====== Record excerpts ======

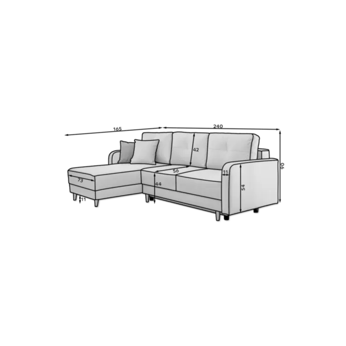 – D: 240 cm x G: 165 cm x V: 90 cm
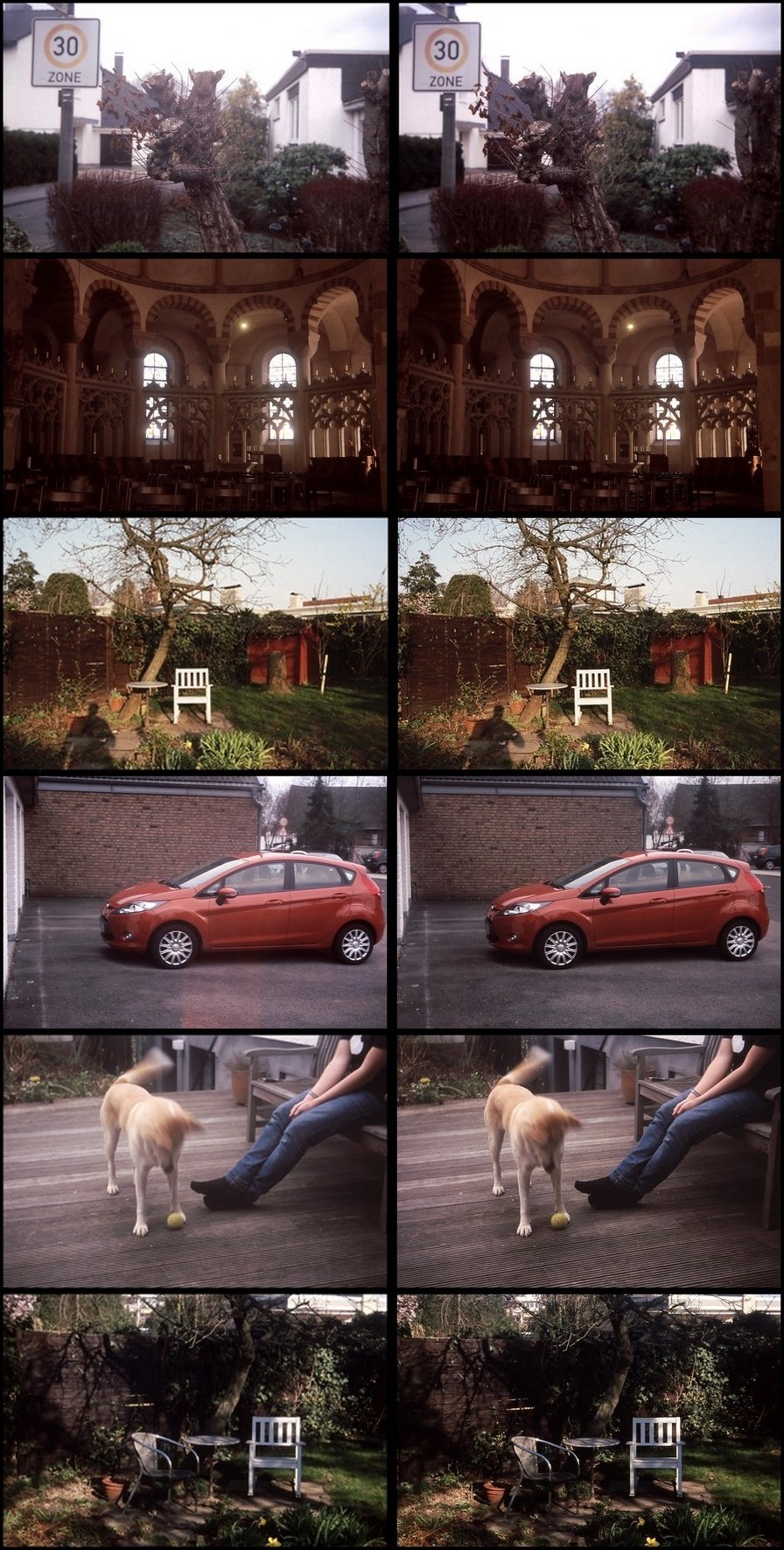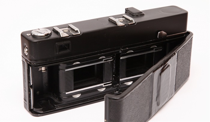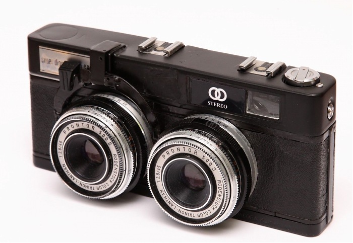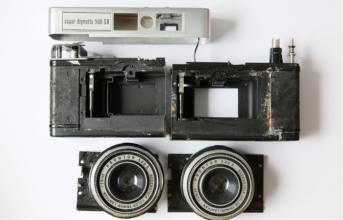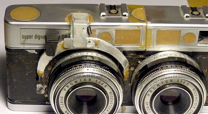 35mm Cameras (2012) Also, there is no way around admitting that the resulting stereo base (the lens to lens distance) is pretty wide, even when using these miniature cameras. With regard to the "ideal" stereo base, there are three concepts, as far as 35mm film is concerned. All three concepts have disadvantages (following the classic motto "Cost, Quality, Time - pick two" 1) The full 24x36 format can be used together with the ideal 65mm stereo base - at the cost of lots of unused film 2) The full 24x36 format can be used at full film utillisation - but the stereo base will be bigger than ideal. 3) Or, using the ideal stereo base, the film can be used up entirely, with a smaller image format Comercially available stereo cameras usually have smaller image formats (24x22, 24x30). For option 2 there are DIY solutions (using e.g. Rollei 35 cameras). Option 1) cameras have been available from the German company RBT. Such a camera I wanted to make myself, again from two Dacora Dignette cameras, well suited because of their simple construction and their fine Rodenstock lenses. The following picture shows camera parts after disassembly and "cutting". ![]() I set out to try and keep most of the camera functions - the Dignette sports a true range finder and a coupled meter, with needle display in the viewfinder. Also, I certainly aimed for a common shutter cocking operation and a common shutter release. Unfortunately, much went wrong during disassembly and assembly, so that I would have had to start again with two new cameras, in order to keep range finder and meter functions (the whole stuff spent months in a dark corner...). Meanwhile, I have dug out the bits and pieces and have tried to bring this ill-fated project to an end, by deleting both range finder and meter function, but at least with common shutter cocking and a common (though not very elegant) shutter release. This is how the camera looked before painting:
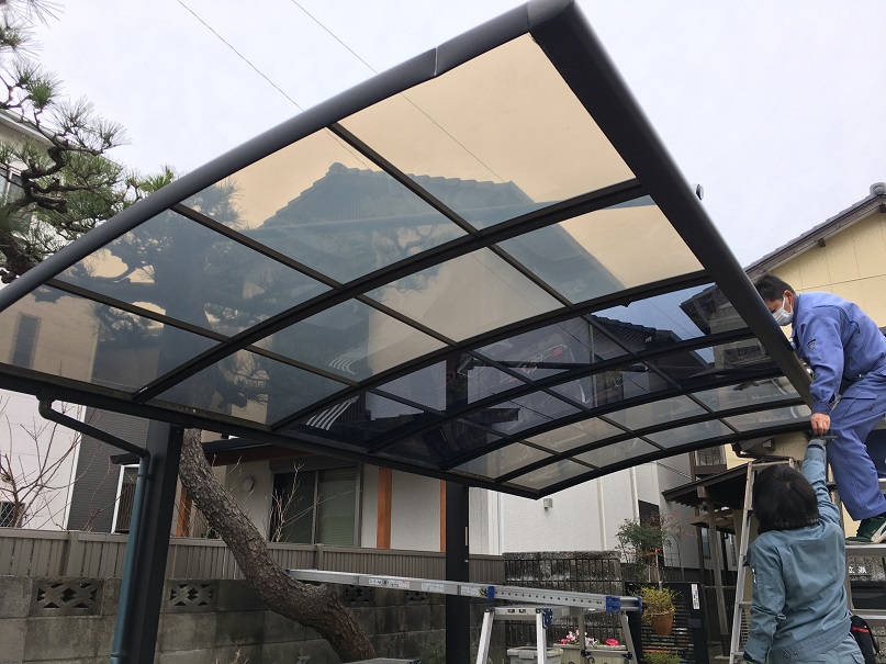 カーポート屋根材交換を実際に工事風景と一緒にご紹介します。
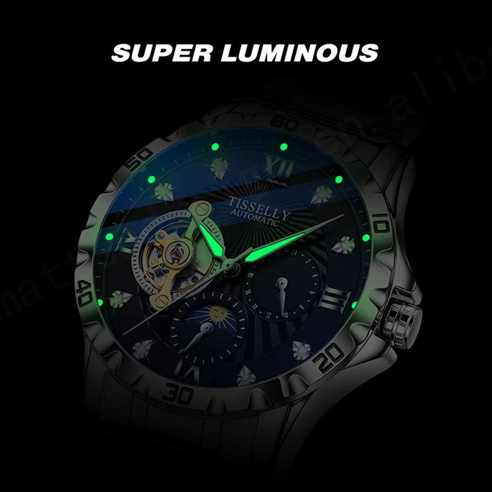 ลักษณะ:โครโนกราฟ, วัน / วัน, กันน้ำ, กันน้ำ, เรืองแสง, สัปดาห์แสดง, มือส่องสว่าง, กลวงออก
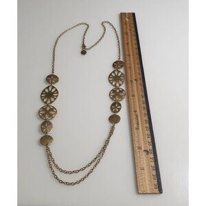 The Sak Gold Tone Cutout Oval Link Long Necklace Layered Chain Lobster Clasp
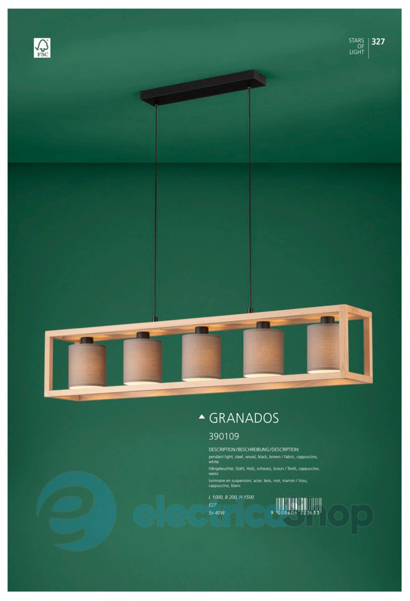 Подвесной светильник GRANADOS 390109 австрийского бренда EGLO будет отлично смотреться в современном интерьере, дополнит дизайн любого помещения и придаст декоративные акценты.
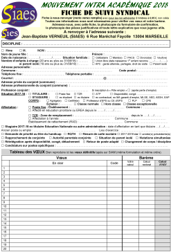 - Responsable stagiaires (tous corps) : Jean-Baptiste VERNEUIL jean-baptiste.verneuil@wanadoo.fr 04 91 34 89 28 / 06 80 13 44 28 Bulletin d'adhésion. La cotisation court sur 365 jours. En adhérant en juin 2018, vous serez adhérent(e) jusqu'en juin 2019. haut page AMIENS Période d'accès sur le serveur siam pour la saisie des voeux : informations publiées prochainement Site du Rectorat : http://www.ac-amiens.fr haut page BESANÇON Période d'accès sur le serveur siam pour la saisie des voeux : informations publiées prochainement Site du Rectorat : http://www.ac-besancon.fr haut page BORDEAUX Période d'accès sur le serveur siam pour la saisie des voeux : du 13 mars au 26 mars 2018 Site du Rectorat : http://www.ac-bordeaux.fr GUIDE MUTATIONS INTRA Répertoire des établissements ANNEXE 1 : conseil information mobilité ANNEXE 2 : principales dates à retenir ANNEXE 3 : pièces justificatives ANNEXE 4 : demande de modification de barème ANNEXE 5 : fiche récapitulative des bonifications ANNEXE 6 : demande de temps partiel ANNEXE 7 : fiche de candidature à un poste REP+ ANNEXE 8 : prise en compte des situations de handicap ANNEXE 9 : organigramme de la DPE ANNEXE 10 : liste des établissements centralisateurs haut page CAEN Période d'accès sur le serveur siam pour la saisie des voeux : du 19 mars au 6 avril 2018 Site du Rectorat : http://www.ac-caen.fr Note de service et annexes Carte des groupements de communes Répertoire académique des établissements (établissements, communes, groupes de communes, zones de remplacement) haut page CLERMONT Période d'accès sur le serveur siam pour la saisie des voeux : du 19 mars au 3 avril 2018 Site du Rectorat : http://www.ac-clermont.fr CirculaireAnnexes : Eléments de classement des demandes Pièces à fournir avec la confirmation des demandes Carte des zones de remplacement Guide des mesures de carte scolaire Détail des groupements de communes Autres informations haut page CORSE Période d'accès sur le serveur siam pour la saisie des voeux : du 15 mars au 2 avril 2018 Site du Rectorat : http://www.ac-corse.fr Circulaire Eléments du barème Annexes partie 1 Annexes partie 2 haut page CRÉTEIL Période d'accès sur le serveur siam pour la saisie des voeux : du 14 au 29 mars 2018 Site du Rectorat : http://www.ac-creteil.fr Circulaire académique Arrêté rectoral Calendrier des opérationsFiche 1 : situations familiales Fiche 2 : les demandes au titre du handicap Fiche 3 : les mesures de carte scolaire Fiche 5 : les postes spécifiques académiques Fiche 7 : affectations en établissements classés Annexe 1 : synthèse des éléments de barème et pièces justificatives Annexe 2 : nomenclature des postes SPEA Annexe 3 : fiche de candidature : poste spécifique académique Annexe 4 : descriptif des zones de remplacements Annexe 5 : liste des groupements de communes et codes correspondants Annexe 6 : liste des établissements « REP+ » Annexe 7 : liste des établissements bénéficiant de l’action logement Annexe 8 : liste des établissements REP+, REP et politique de la ville Annexe 9 : formulaire de demande de mutation pour raisons médicales - handicap haut pagePériode d'accès sur le serveur siam pour la saisie des voeux : du 19 mars au 3 avril 2018 Site du Rectorat : http://www.ac-dijon.fr Arrêté rectoral Note de service rectorale et annexes AUTRES INFORMATIONS haut page GRENOBLE Période d'accès sur le serveur siam pour la saisie des voeux : du 12 mars au 28 mars 2018 Site du Rectorat : http://www.ac-grenoble.fr Circulaire et annexes AUTRES INFORMATIONS haut page GUADELOUPE Période d'accès sur le serveur siam pour la saisie des voeux : du 22 mars au 9 avril 2018 Site du Rectorat : http://www.ac-guadeloupe.fr Circulaire académique Annexes de la circulaire académique Arrêté rectoral haut page GUYANE Période d'accès sur le serveur siam pour la saisie des voeux : du 21 mars au 10 avril 2018 Site du Rectorat : http://www.ac-guyane.fr Circulaire et annexes haut page LILLE Période d'accès sur le serveur siam pour la saisie des voeux : informations publiées prochainement Site du Rectorat : http://www.ac-lille.fr haut page LIMOGES Période d'accès sur le serveur siam pour la saisie des voeux : saisie des voeux du 12 au 30 mars 2018 Site du Rectorat : http://www.ac-limoges.fr fiche n° 1 - barème intra académique fiche n° 2 - Calendrier des opérations de la phase intra fiche n° 3 - situation familiale fiche n° 5 bis - complément de service fiche n° 5 - mesure de carte scolaire fiche n° 6 - Education prioritaire fiche n° 7 - Dispositif et situation spécifiques fiche n° 8 - Affectation sur zone de remplacement (ZR) fiche n° 9 - mouvement spécifique académique fiche n° 11 - table d’extension

======

Up to and including the line with "カーポート屋根材交換を実際に工事風景と一緒にご紹介します。", repeat every line from the top of the entries exactly, but not the pictures.

 – D: 240 cm x G: 165 cm x V: 90 cm
 35mm Cameras (2012) Also, there is no way around admitting that the resulting stereo base (the lens to lens distance) is pretty wide, even when using these miniature cameras. With regard to the "ideal" stereo base, there are three concepts, as far as 35mm film is concerned. All three concepts have disadvantages (following the classic motto "Cost, Quality, Time - pick two" 1) The full 24x36 format can be used together with the ideal 65mm stereo base - at the cost of lots of unused film 2) The full 24x36 format can be used at full film utillisation - but the stereo base will be bigger than ideal. 3) Or, using the ideal stereo base, the film can be used up entirely, with a smaller image format Comercially available stereo cameras usually have smaller image formats (24x22, 24x30). For option 2 there are DIY solutions (using e.g. Rollei 35 cameras). Option 1) cameras have been available from the German company RBT. Such a camera I wanted to make myself, again from two Dacora Dignette cameras, well suited because of their simple construction and their fine Rodenstock lenses. The following picture shows camera parts after disassembly and "cutting". ![]() I set out to try and keep most of the camera functions - the Dignette sports a true range finder and a coupled meter, with needle display in the viewfinder. Also, I certainly aimed for a common shutter cocking operation and a common shutter release. Unfortunately, much went wrong during disassembly and assembly, so that I would have had to start again with two new cameras, in order to keep range finder and meter functions (the whole stuff spent months in a dark corner...). Meanwhile, I have dug out the bits and pieces and have tried to bring this ill-fated project to an end, by deleting both range finder and meter function, but at least with common shutter cocking and a common (though not very elegant) shutter release. This is how the camera looked before painting:
 カーポート屋根材交換を実際に工事風景と一緒にご紹介します。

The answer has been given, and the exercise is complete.